=== Task objective ===
With the pictures omitted, repeat exactly the lines below starting with the line that has "Häng med på" and going on through the line that has "Palestinian flags, Irish".

=== Working data ===
::::

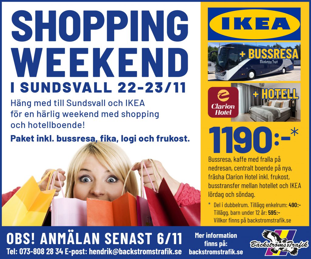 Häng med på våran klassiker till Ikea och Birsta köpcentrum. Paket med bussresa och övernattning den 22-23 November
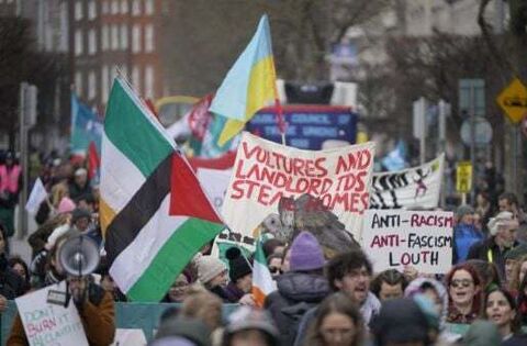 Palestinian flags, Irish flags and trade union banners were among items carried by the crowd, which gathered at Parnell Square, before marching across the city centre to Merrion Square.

::::

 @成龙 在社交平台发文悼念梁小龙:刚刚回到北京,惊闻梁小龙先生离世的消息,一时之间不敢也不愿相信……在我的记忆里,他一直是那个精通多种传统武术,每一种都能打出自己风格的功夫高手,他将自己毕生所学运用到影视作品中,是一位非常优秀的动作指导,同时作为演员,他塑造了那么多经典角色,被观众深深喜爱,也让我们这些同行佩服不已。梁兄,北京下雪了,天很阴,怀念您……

::::

=== Exercise output ===
 Häng med på våran klassiker till Ikea och Birsta köpcentrum. Paket med bussresa och övernattning den 22-23 November
 Palestinian flags, Irish flags and trade union banners were among items carried by the crowd, which gathered at Parnell Square, before marching across the city centre to Merrion Square.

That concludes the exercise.